**** INPUT DATA ****

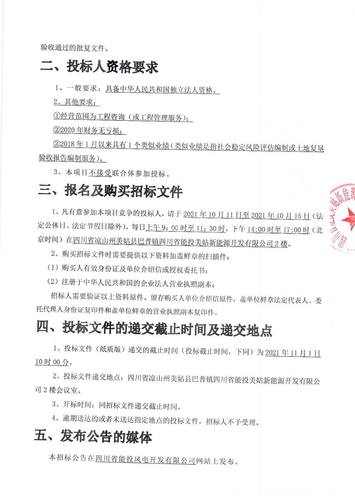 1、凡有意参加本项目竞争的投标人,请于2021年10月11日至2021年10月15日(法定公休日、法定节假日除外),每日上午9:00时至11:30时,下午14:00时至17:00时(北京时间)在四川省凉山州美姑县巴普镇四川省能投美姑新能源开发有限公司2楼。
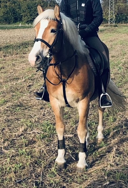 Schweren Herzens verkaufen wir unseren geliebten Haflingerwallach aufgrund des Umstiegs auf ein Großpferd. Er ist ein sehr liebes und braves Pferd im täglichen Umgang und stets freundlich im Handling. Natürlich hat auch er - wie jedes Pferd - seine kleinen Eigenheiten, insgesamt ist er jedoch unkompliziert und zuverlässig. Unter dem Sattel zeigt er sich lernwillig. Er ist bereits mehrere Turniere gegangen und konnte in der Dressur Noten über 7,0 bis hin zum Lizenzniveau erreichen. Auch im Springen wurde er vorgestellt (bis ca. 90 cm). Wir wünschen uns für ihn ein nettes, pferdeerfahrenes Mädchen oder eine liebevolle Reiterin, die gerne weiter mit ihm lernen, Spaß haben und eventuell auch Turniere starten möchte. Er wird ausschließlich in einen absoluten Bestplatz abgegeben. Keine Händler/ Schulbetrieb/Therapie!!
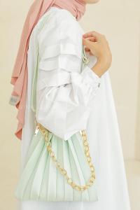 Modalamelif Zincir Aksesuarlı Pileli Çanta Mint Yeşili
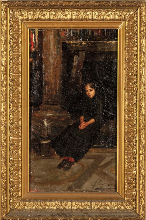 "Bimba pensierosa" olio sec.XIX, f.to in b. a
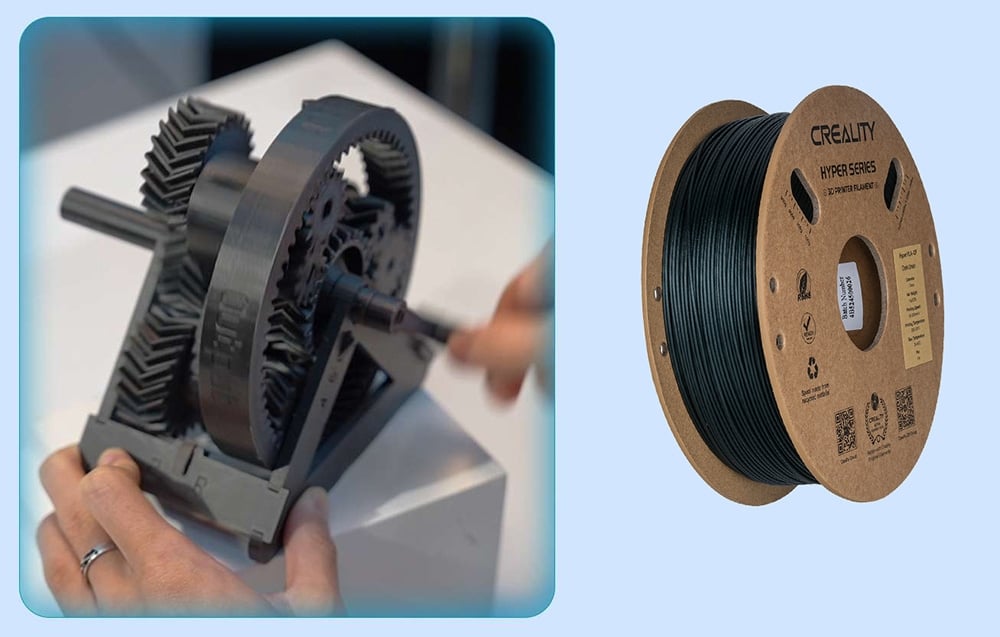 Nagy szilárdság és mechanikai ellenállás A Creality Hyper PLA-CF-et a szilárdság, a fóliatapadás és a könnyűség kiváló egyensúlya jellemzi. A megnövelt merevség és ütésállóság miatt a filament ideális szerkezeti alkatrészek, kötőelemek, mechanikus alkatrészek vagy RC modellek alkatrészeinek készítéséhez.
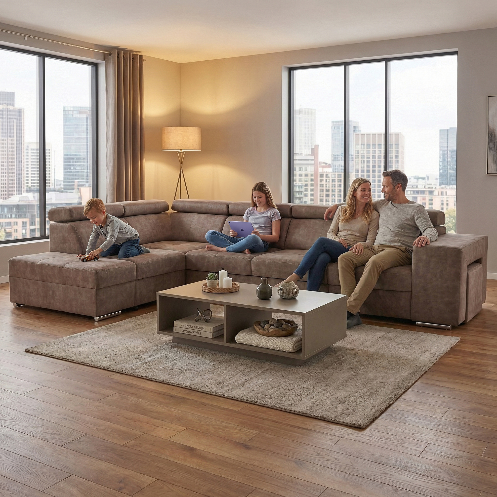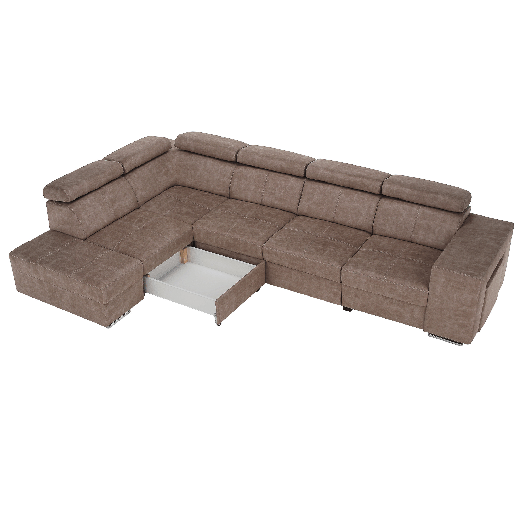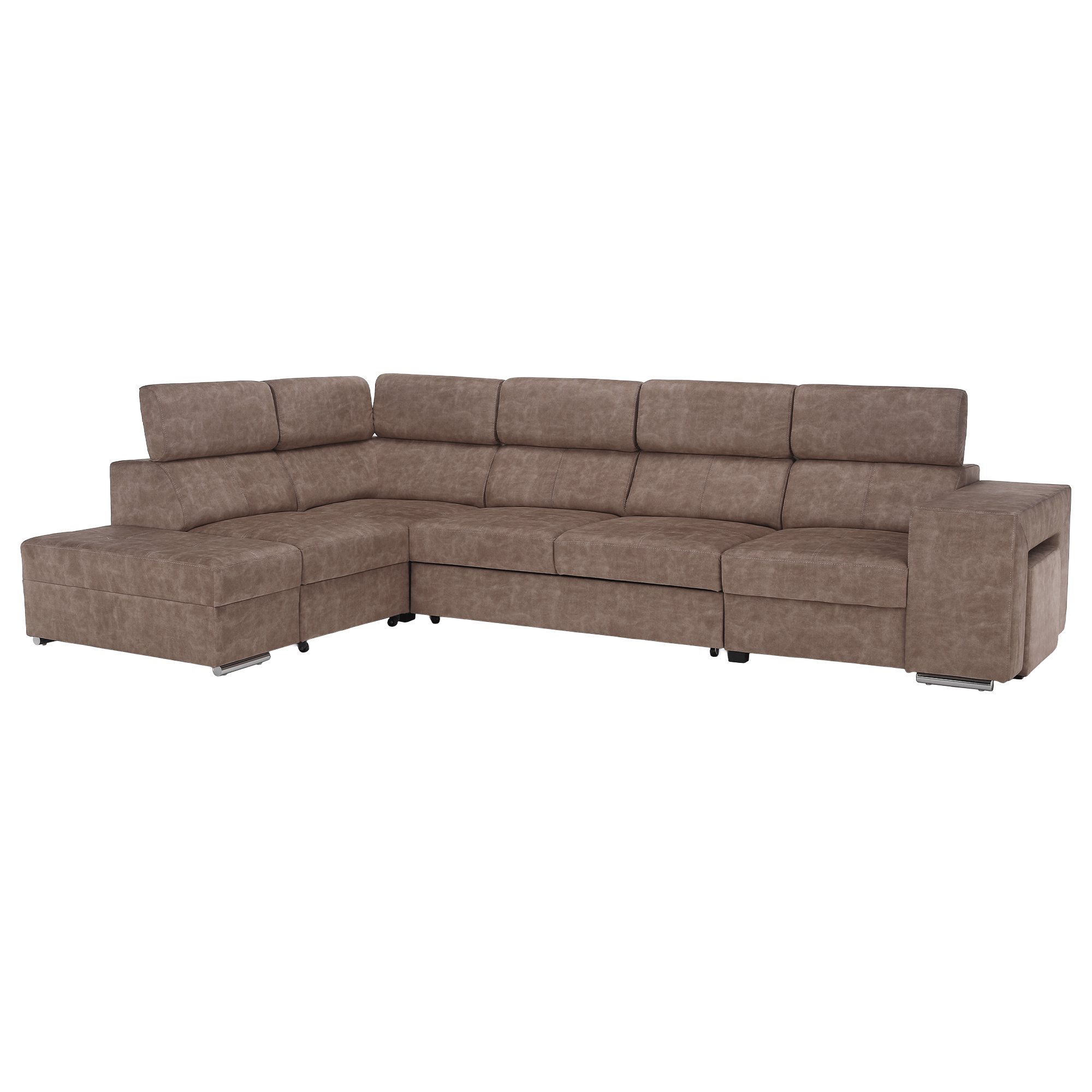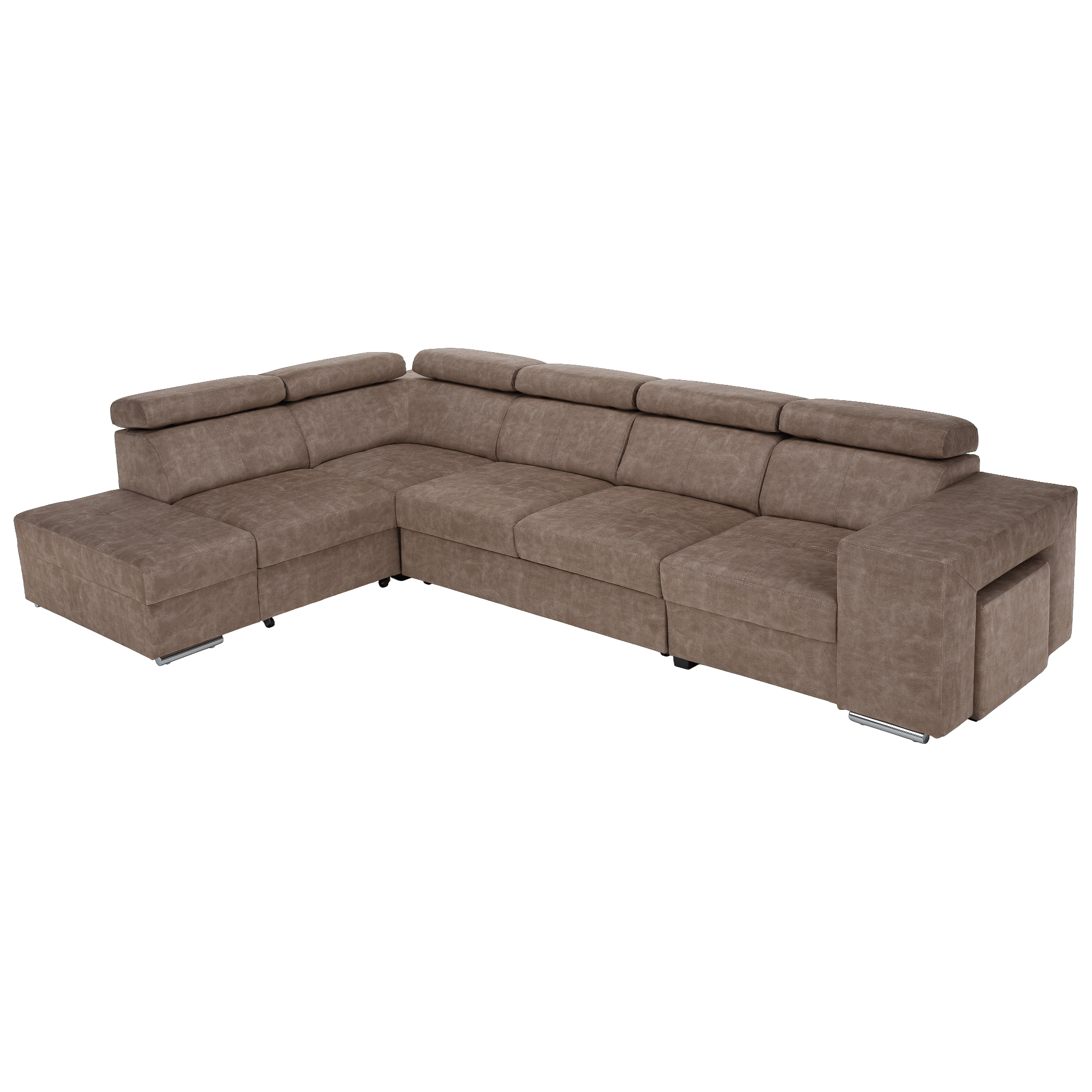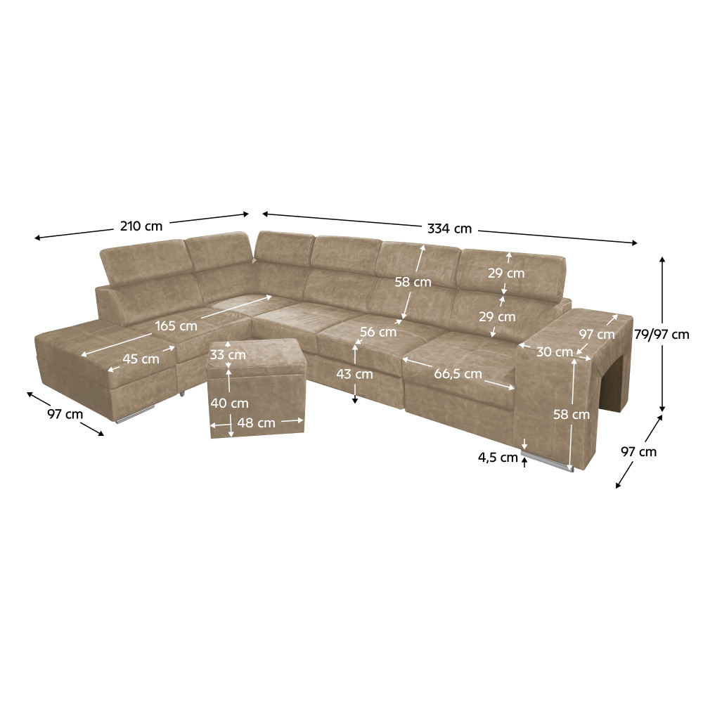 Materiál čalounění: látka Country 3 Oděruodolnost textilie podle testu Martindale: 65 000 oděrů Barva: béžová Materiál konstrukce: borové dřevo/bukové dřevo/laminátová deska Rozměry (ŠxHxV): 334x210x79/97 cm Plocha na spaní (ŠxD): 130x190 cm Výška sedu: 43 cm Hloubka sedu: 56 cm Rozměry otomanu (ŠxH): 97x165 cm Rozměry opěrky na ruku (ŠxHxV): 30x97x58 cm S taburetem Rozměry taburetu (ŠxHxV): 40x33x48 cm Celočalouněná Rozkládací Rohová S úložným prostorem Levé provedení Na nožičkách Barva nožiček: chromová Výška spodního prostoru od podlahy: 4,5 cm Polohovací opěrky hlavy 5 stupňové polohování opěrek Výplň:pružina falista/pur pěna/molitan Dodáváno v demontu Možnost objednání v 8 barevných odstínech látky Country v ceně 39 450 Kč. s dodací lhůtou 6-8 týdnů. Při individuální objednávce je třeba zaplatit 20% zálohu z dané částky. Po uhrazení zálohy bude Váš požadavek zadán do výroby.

****

▶ [TASK DETAILS]: Output should consist of the lines above from the one with "Schweren Herzens verkaufen" down to the one with "Nagy szilárdság és", exact and without pictures.

▶ [SOLUTION]:
 Schweren Herzens verkaufen wir unseren geliebten Haflingerwallach aufgrund des Umstiegs auf ein Großpferd. Er ist ein sehr liebes und braves Pferd im täglichen Umgang und stets freundlich im Handling. Natürlich hat auch er - wie jedes Pferd - seine kleinen Eigenheiten, insgesamt ist er jedoch unkompliziert und zuverlässig. Unter dem Sattel zeigt er sich lernwillig. Er ist bereits mehrere Turniere gegangen und konnte in der Dressur Noten über 7,0 bis hin zum Lizenzniveau erreichen. Auch im Springen wurde er vorgestellt (bis ca. 90 cm). Wir wünschen uns für ihn ein nettes, pferdeerfahrenes Mädchen oder eine liebevolle Reiterin, die gerne weiter mit ihm lernen, Spaß haben und eventuell auch Turniere starten möchte. Er wird ausschließlich in einen absoluten Bestplatz abgegeben. Keine Händler/ Schulbetrieb/Therapie!!
 Modalamelif Zincir Aksesuarlı Pileli Çanta Mint Yeşili
 "Bimba pensierosa" olio sec.XIX, f.to in b. a
 Nagy szilárdság és mechanikai ellenállás A Creality Hyper PLA-CF-et a szilárdság, a fóliatapadás és a könnyűség kiváló egyensúlya jellemzi. A megnövelt merevség és ütésállóság miatt a filament ideális szerkezeti alkatrészek, kötőelemek, mechanikus alkatrészek vagy RC modellek alkatrészeinek készítéséhez.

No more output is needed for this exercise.